## Exercise
Every record below should be printed again exactly, with its pictures removed.

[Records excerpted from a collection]

[Start of section]

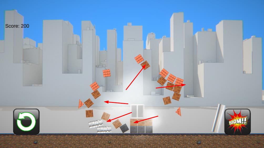 3、爆炸后,觀察建筑的破壞效果,獲取相應(yīng)分數(shù),若需重新挑戰(zhàn),可點擊左側(cè)重置按鈕重新開始。
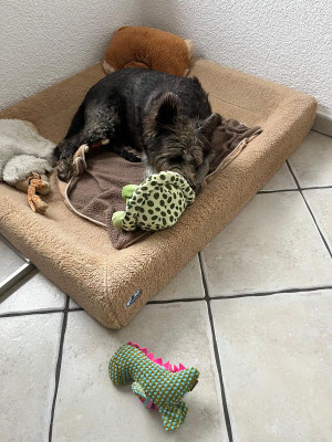 Magdalena loves being outdoors. She already walks well on a leash and enjoys long walks and outings. We are looking for a home for her with a garden or with people who spend a lot of time outdoors. She can already be left alone quite well with the resident dog in her foster home and settles down in restaurants after a while. Children aged 12 and up are welcome in her new home, but should be sturdy and have experience with dogs, as Magdalena sometimes expresses her affection with full physical commitment.
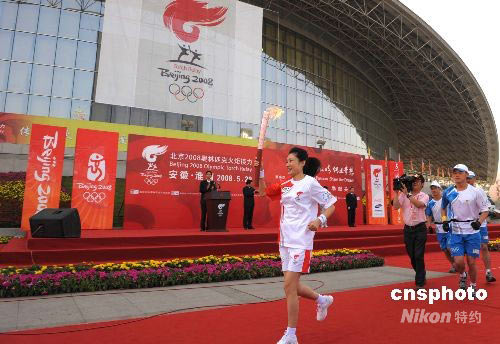 5月29日,奧運圣火在安徽淮南傳遞,中央電視臺主持人周濤領(lǐng)跑第一棒火炬。目前,周濤承擔(dān)北京奧運會和殘奧會全球電視轉(zhuǎn)播總協(xié)調(diào)工作。中新社發(fā) 廖攀 攝
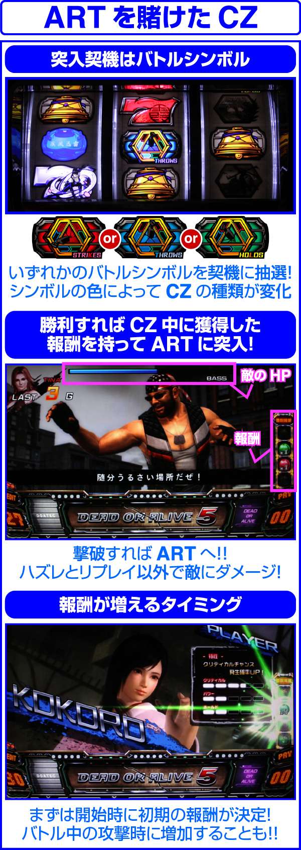 CZ中は敵を撃破すればART突入となるのだが、消化中に貯めた報酬がそのままARTの初期ベルナビ回数となるため、バトルの内容自体が非常に重要となる。基本的にバトル中はベルやレア役を引けば敵へのダメージを与えることができる。
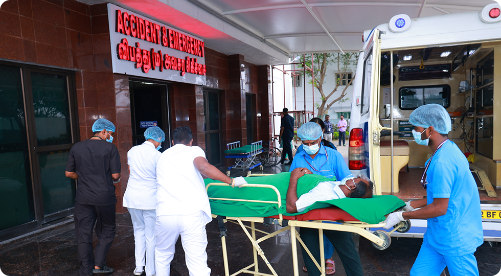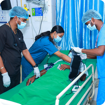 With state-of-the-art infrastructure and advanced monitoring systems, the department ensures rapid assessment, resuscitation, stabilization, and management of patients presenting with life-threatening conditions. The trauma care division is fully prepared to handle all forms of blunt and penetrating injuries, road traffic accidents, industrial trauma, and polytrauma cases through a systematic, evidence-based approach.
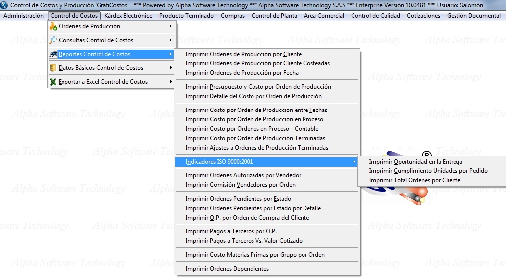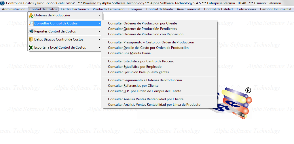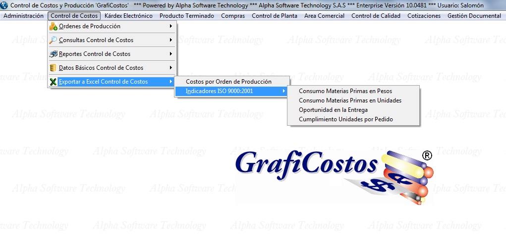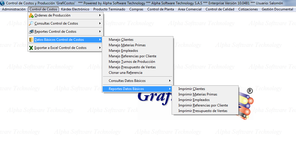 Menú Control de Costos
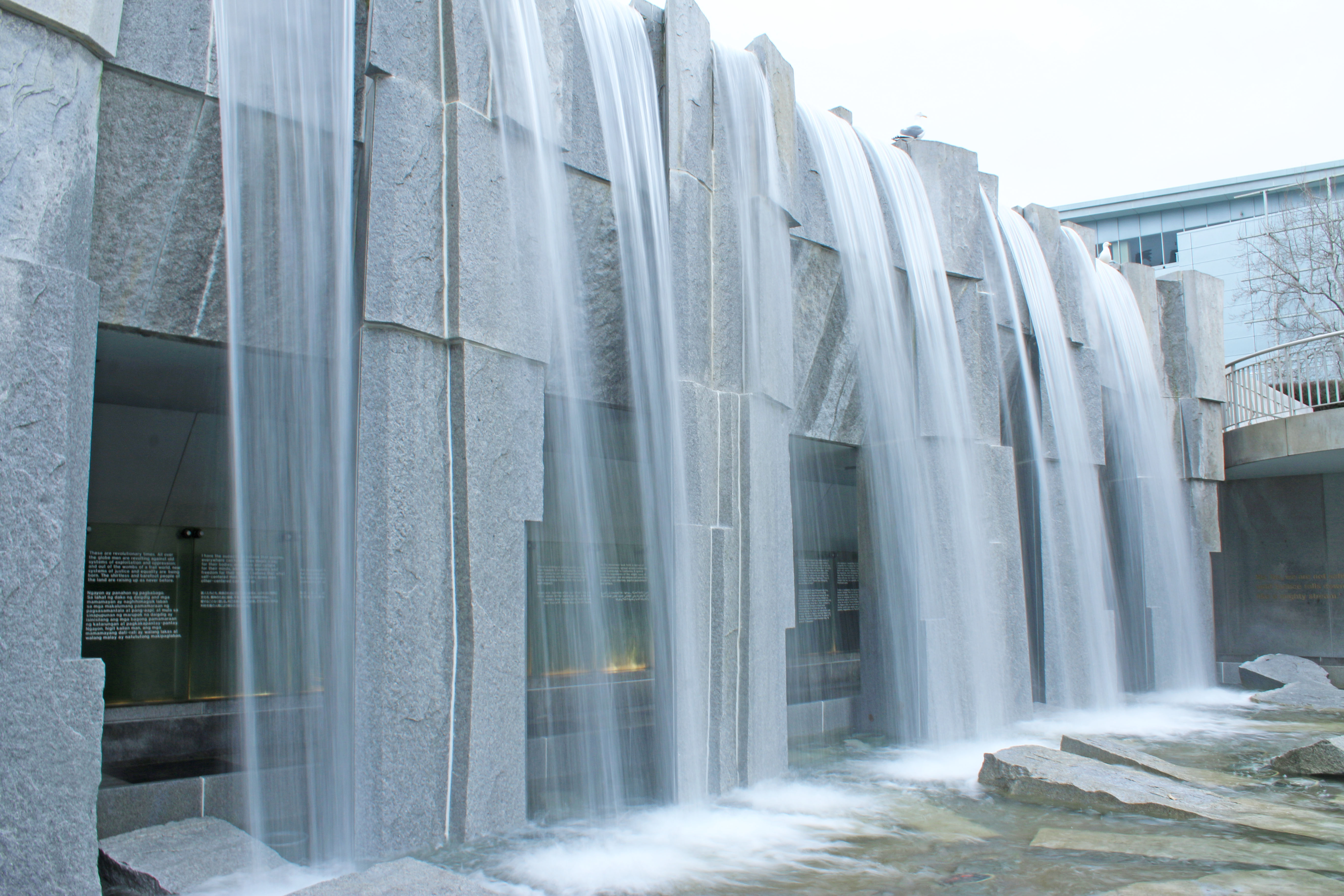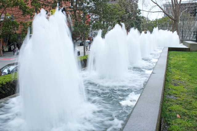 I stopped at City Lights Book store and browsed all the little nooks of the store before heading down to the waterfront to the Ferry building. I tired a few spots I found recommendations for, and got some bread and cheese, and then ate on the benches out on the dock. Then it started to rain and I got really cold, so I got some some hot chocolate from Blue Bottle to warm up on my way back to the hotel. I passed some really cool water fountains on my way, I love stumbling onto fountains. The forecast for the week was a lot of rain, which being from Seattle I am totally good with, and that really helped me because it kept the temperature nice and cool for me. And it didn’t actually end up raining that much while I was out and about. After resting a little while at the hotel, I wandered out to explore City Hall and the Library which were close. That night we went out to get some really good Ramen with Vu and one of his old coworkers that was in town for the day.

[End of section]

## Output for this task
 3、爆炸后,觀察建筑的破壞效果,獲取相應(yīng)分數(shù),若需重新挑戰(zhàn),可點擊左側(cè)重置按鈕重新開始。
 Magdalena loves being outdoors. She already walks well on a leash and enjoys long walks and outings. We are looking for a home for her with a garden or with people who spend a lot of time outdoors. She can already be left alone quite well with the resident dog in her foster home and settles down in restaurants after a while. Children aged 12 and up are welcome in her new home, but should be sturdy and have experience with dogs, as Magdalena sometimes expresses her affection with full physical commitment.
 5月29日,奧運圣火在安徽淮南傳遞,中央電視臺主持人周濤領(lǐng)跑第一棒火炬。目前,周濤承擔(dān)北京奧運會和殘奧會全球電視轉(zhuǎn)播總協(xié)調(diào)工作。中新社發(fā) 廖攀 攝
 CZ中は敵を撃破すればART突入となるのだが、消化中に貯めた報酬がそのままARTの初期ベルナビ回数となるため、バトルの内容自体が非常に重要となる。基本的にバトル中はベルやレア役を引けば敵へのダメージを与えることができる。
 With state-of-the-art infrastructure and advanced monitoring systems, the department ensures rapid assessment, resuscitation, stabilization, and management of patients presenting with life-threatening conditions. The trauma care division is fully prepared to handle all forms of blunt and penetrating injuries, road traffic accidents, industrial trauma, and polytrauma cases through a systematic, evidence-based approach.
 Menú Control de Costos
 I stopped at City Lights Book store and browsed all the little nooks of the store before heading down to the waterfront to the Ferry building. I tired a few spots I found recommendations for, and got some bread and cheese, and then ate on the benches out on the dock. Then it started to rain and I got really cold, so I got some some hot chocolate from Blue Bottle to warm up on my way back to the hotel. I passed some really cool water fountains on my way, I love stumbling onto fountains. The forecast for the week was a lot of rain, which being from Seattle I am totally good with, and that really helped me because it kept the temperature nice and cool for me. And it didn’t actually end up raining that much while I was out and about. After resting a little while at the hotel, I wandered out to explore City Hall and the Library which were close. That night we went out to get some really good Ramen with Vu and one of his old coworkers that was in town for the day.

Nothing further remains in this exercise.